Matialth Good concept, poorly executed.
Limerculer A waste of 90 minutes of my life
KnotStronger This is a must-see and one of the best documentaries - and films - of this year.
Verity Robins Great movie. Not sure what people expected but I found it highly entertaining.
dougdoepke An ambitious jazz musician tries to make it in The Big Apple despite hardships. Meanwhile he befriends a desperate taxi dancer trying to hold on to her self-respect.The 105-minutes amounts to a sour valentine to New York City. The ending is predictable from the start. Why else cast two big Hollywood stars in the leads. The fact that Peggy (Reynolds) and Pete (Curtis) finally get together is not because of the City, as we might expect, but in spite of it. Thus the screenplay breaks with Hollywood convention of big cities with a soft heart. Note, for example, how the landlady's morning grouch gets quickly reflected in other grouchy New Yorkers.. That sort of uncompromising attitude may be the movie's best part. Otherwise, it's Reynolds breaking with her malt shop image, as a hard case who registers zero smiles throughout. At the same time, the effort to break with the Tammy image (Tammy And The Bachelor, {1957}) is too pointed and resolute to be convincing. Curtis, on the other hand, is fairly amiable, and not quite as miscast as Reynolds. Still, his Bronx accent sort of comes and goes for a guy supposedly from Milwaukee. Having two stars at the peak of popularity also means giving them adequate screen time to satisfy their fans. But that also means padding a slender storyline with lots of talk that too often drags out the runtime. Note too, how awkwardly the script plays with the key topic of prostitution, a word or even concept that dare not speak its name, thanks to the suffocating Production Code. Anyway, Oakie and Medford supply subtle amusement, while Rickles chews the scenery like he's starving for attention. All in all, it's a 105-minutes that doesn't wear well, despite being cutting edge at the time. All in all, I'm glad that Reynolds soon went back to the personality roles she was so good at.

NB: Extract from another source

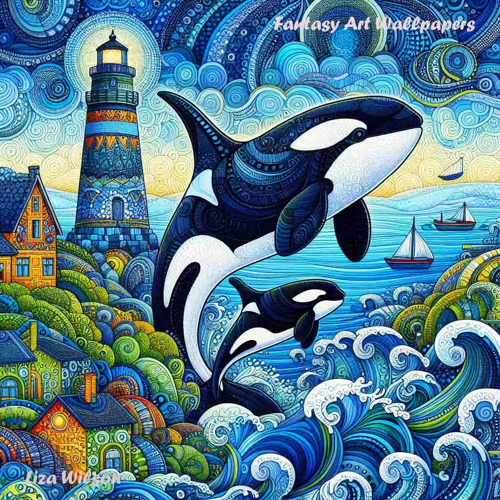 Beautiful big killer whale & baby with spirograph patterns & spirograph waves. There are ships, a lighthouse & some cliff sea houses.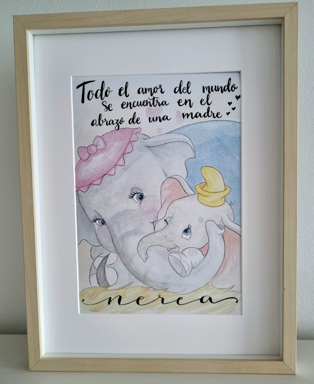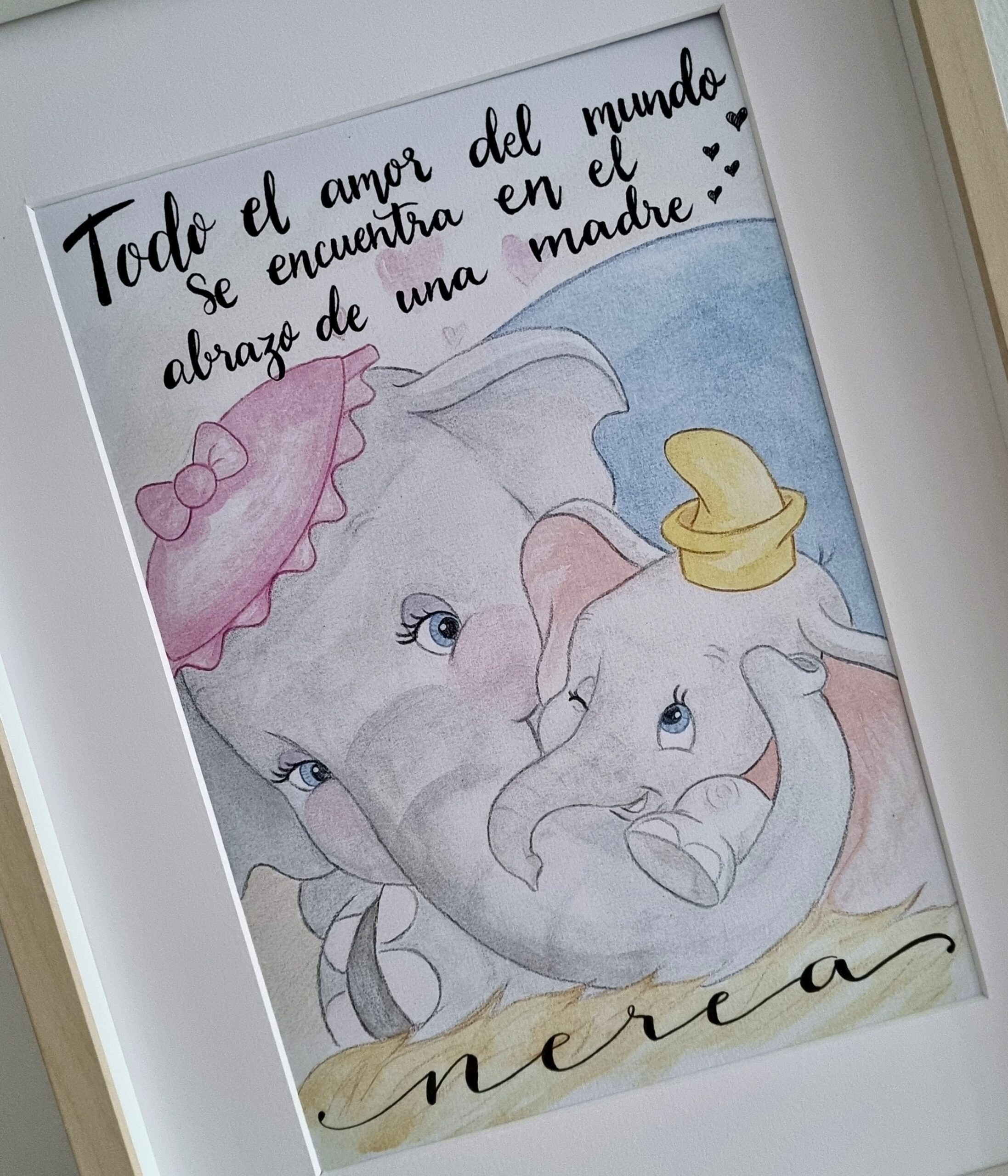 Todo el amor del mundo se encuentra en el abrazo de una madre, no se me ocurría mejor ilustración para este mensaje. Con esta lamina quiero homenajear a todas esas madres ,que con sus abrazos  curan todo lo malo que nos pueda pasar. Tamaño Din A4, impresas en papel de acuarela de 180 gramos y personalizada con el nombre que quieras

sensha I am surprised at the reviews thus far posted, as they miss one of the major novelties of this movie. While Tony Curtis is never going to win any awards for his musicianship, the little "group" that he tries to join contains some pretty impressive "ringers", especially for a movie that isn't all that much about the musical side of things.Any group that contains the likes of Gerry Mulligan AND Sam Butera is going to raise more than a few musical eyebrows. As mentioned above, the music used in the film is nothing to get too worked up about, but these two icons (plus the other sidemen that surround them) are reason enough to consider this one "special".A musical note or two about Curtis is in order here as well. He also played a tenor saxophone player in the iconic Some Like It Hot. While his autobiography is silent as to his actual saxophone playing skills, some of the fingerings that he used in that film were right for the music being played (although out of sync with the actual film sound track). It is mentioned that he has some flute playing skills in the biography, so his being a sax player is not out of the realm of possibility.The horns that he is seen playing in this movie all appear to be Selmer instruments. When his horns get "lifted" by the boys in the band, Debbie Reynolds goes to bat for him and buys him a set of horns "to get by" on his cruise ship gig. However, the instruments purchased are Leblanc horns, recognizable by the distinctive tweed covered cases in which they came. But, when he is seen performing on the ship, he is again playing Selmer instruments. Since this was well before product placement in movies became common, it may be that he was playing his own horns and the Leblanc cases were used for their visual appeal.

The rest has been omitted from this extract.